Vera Renczi was one such killer. Born in Romania during the early 1900s, Renczi was what some would call “boy crazy” from a very young age. When she was still in her early teens, she began to run away with numerous lovers, most of whom were many years older.

Her first marriage was to a wealthy Austrian banker named Karl Schick. Renczi soon bore him a son, whom they named Lorenzo. The marriage seemed relatively happy, except for the long hours Schick worked. Renczi grew more and more suspicious that her husband was having an affair, and her assumptions seemed to have the ring of her truth when Schick suddenly abandoned her and Lorenzo. After a year of mourning, Renczi told friends and family that she’d received word that her husband had died in a car accident.

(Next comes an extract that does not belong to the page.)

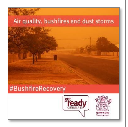
Filename: BushfireRecovery - Air quality, bushfires and dust storms

#BushfireRecovery #DustStorm #GetReadyQueensland Image: Dust storm at St George, Queensland, 11 January 2020.

Renczi soon remarried, but this union did not end happily, either. Only months after the marriage, her new husband vanished. Within a year, the grieving woman claimed to have gotten a letter from her wayward spouse which declared his intentions to leave her forever.

She was through with marriage, but not with men. All of her lovers would vanish within months, weeks, and sometimes even days after beginning a relationship with her. Whenever she was questioned in one of her lover’s disappearances, she would claim that the man was unfaithful and had abandoned her.

Who knows how many men might have disappeared if it weren’t for another jealous woman. One wife suspected her husband was cheating, and followed him to Renczi’s home. When her husband never returned, she contacted the police.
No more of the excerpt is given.